Fast-food name Sonic (SONC) reported a better-than-expected quarter after the close on Wednesday, beating the earnings consensus of $0.22 a share by $0.02. Shares were up 3% on Thursday. Revenue fell for the quarter, but that was because the company refranchised 35 stores.

That's good news, and we'll be seeing more of this, I believe, from chains that have company-owned stores and franchises. The franchise model makes more sense for some names, it can be more profitable, and it shifts more of the risk to the franchisee.

Denny's (DENN) has been refranchising the past couple of years, and this move has helped in the company's turnaround, which is not yet complete. Sonic's performance has not been good in the past few years, and the stock has been one of the worst-performing restaurant names at a time when the sector as a whole has been delivering nice returns to shareholders.

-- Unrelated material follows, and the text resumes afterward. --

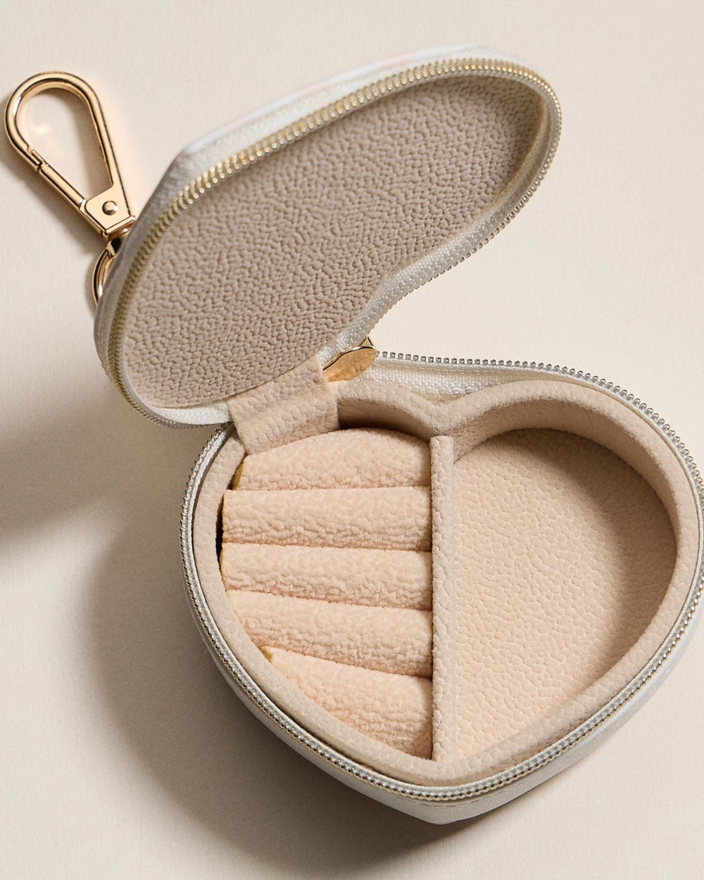 Keep your jewelry safe and stylish on the go with this heart-shaped case. Featuring a cute floral design and plush compartments for rings, earrings, and delicate pieces, it's the perfect compact companion for travel or daily adventures.

Sonic, although it is challenged, has never imploded like Denny's did in the late 1990s. Still, Sonic has a lot of work ahead. The company's balance sheet is nothing to write home about, with more than $500 million in debt, which equated to $32 million in interest expense last year, and less than $49 million in equity.

There are, however levers that Sonic can pull. At year-end, the company owned more than 400 locations, and this should help it reduce its debt. Denny's has been fairly successful in this area, selling properties and reducing debt from more than $550 million in 2005 to $210 million at the end of last quarter. Sonic needs to follow that lead. The company has been buying back shares, completing a $30 million repurchase program earlier this month, but I believe it needs to better address the debt issue.

Sonic is not small chain -- it has 3,550 locations. And it has differentiated itself somewhat from other fast-food chains, but this space remains highly competitive. Same-store sales were up 2.8% for the quarter, which is decent. But I need to see further progress on the balance sheet before I deploy any capital.

I'm already restaurant-heavy as it is, with a few challenged names such as Cosi (COSI), Ruby Tuesday (RT) and Wendy's (WEN). My Biglari Holdings (BH) position adds more exposure, given the company's ownership of Steak n Shake, and I hold a large position in Cracker Barrel (CBRL).